◆ AIM OF THE TASK: Pull every line that holds the word "Luís" from the entries.

◆ Stored items from a collection:

-.-.-

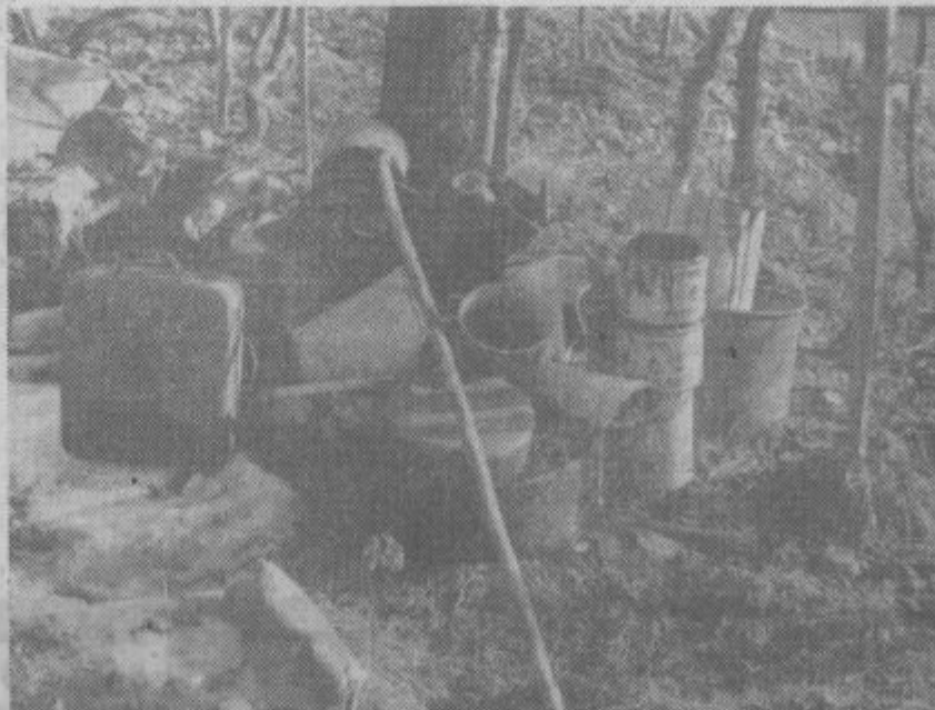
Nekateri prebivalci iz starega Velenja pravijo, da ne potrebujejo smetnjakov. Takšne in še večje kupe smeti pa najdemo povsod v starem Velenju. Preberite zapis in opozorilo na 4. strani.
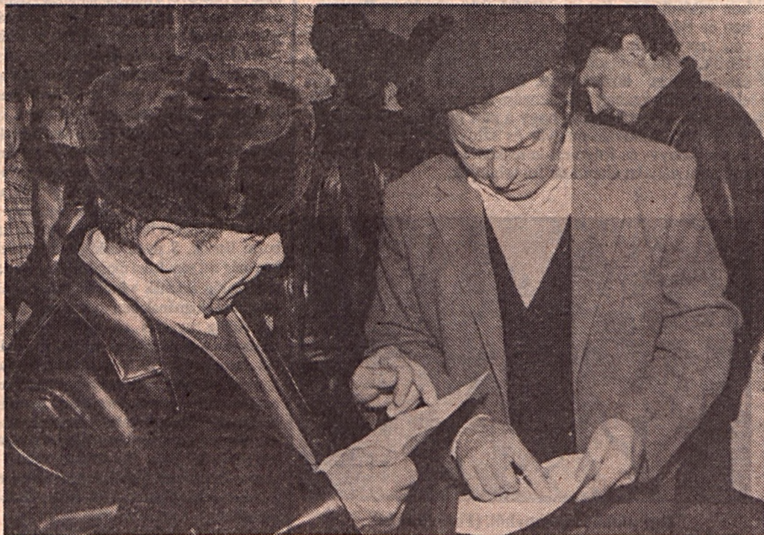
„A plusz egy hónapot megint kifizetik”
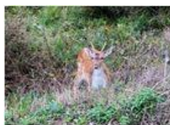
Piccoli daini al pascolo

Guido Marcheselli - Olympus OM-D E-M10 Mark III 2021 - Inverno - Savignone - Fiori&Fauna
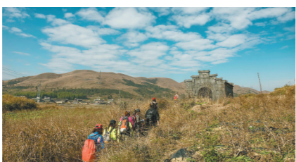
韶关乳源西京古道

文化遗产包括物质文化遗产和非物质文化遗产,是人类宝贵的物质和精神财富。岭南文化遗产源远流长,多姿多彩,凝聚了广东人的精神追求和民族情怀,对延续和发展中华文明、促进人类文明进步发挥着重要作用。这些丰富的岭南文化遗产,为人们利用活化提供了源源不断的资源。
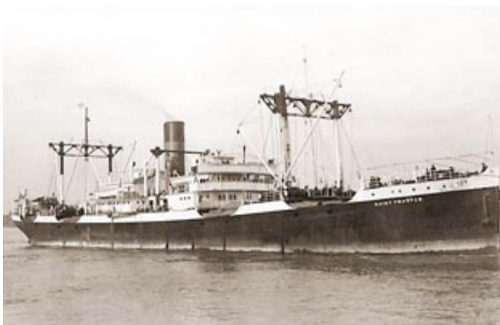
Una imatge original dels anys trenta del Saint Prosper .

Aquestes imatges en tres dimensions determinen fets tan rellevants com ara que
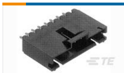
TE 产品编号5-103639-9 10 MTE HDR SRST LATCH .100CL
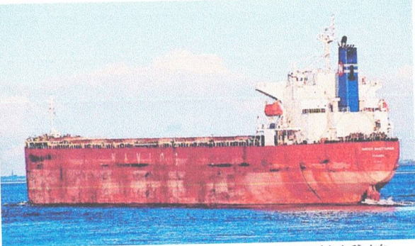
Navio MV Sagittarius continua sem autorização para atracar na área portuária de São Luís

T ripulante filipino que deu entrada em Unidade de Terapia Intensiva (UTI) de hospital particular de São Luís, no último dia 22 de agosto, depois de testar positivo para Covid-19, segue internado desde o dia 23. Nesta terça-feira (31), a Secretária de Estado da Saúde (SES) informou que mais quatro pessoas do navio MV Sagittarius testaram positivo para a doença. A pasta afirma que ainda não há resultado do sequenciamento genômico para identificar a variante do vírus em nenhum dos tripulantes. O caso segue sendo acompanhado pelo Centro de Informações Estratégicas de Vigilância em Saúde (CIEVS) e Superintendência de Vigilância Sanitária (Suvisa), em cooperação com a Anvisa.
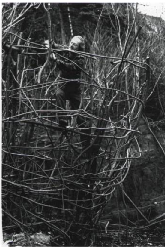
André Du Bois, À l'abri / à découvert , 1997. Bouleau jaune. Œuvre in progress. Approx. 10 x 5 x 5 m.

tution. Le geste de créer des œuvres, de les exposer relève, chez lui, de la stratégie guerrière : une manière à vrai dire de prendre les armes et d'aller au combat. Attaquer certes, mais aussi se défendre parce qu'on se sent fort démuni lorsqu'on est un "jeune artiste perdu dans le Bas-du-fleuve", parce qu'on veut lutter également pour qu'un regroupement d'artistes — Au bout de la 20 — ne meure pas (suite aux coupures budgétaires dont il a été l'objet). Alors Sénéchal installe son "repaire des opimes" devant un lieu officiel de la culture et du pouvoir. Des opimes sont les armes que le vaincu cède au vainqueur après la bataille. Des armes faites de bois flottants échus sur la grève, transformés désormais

-.-.-

◆ SOLUTION BELOW:
Navio MV Sagittarius continua sem autorização para atracar na área portuária de São Luís
T ripulante filipino que deu entrada em Unidade de Terapia Intensiva (UTI) de hospital particular de São Luís, no último dia 22 de agosto, depois de testar positivo para Covid-19, segue internado desde o dia 23. Nesta terça-feira (31), a Secretária de Estado da Saúde (SES) informou que mais quatro pessoas do navio MV Sagittarius testaram positivo para a doença. A pasta afirma que ainda não há resultado do sequenciamento genômico para identificar a variante do vírus em nenhum dos tripulantes. O caso segue sendo acompanhado pelo Centro de Informações Estratégicas de Vigilância em Saúde (CIEVS) e Superintendência de Vigilância Sanitária (Suvisa), em cooperação com a Anvisa.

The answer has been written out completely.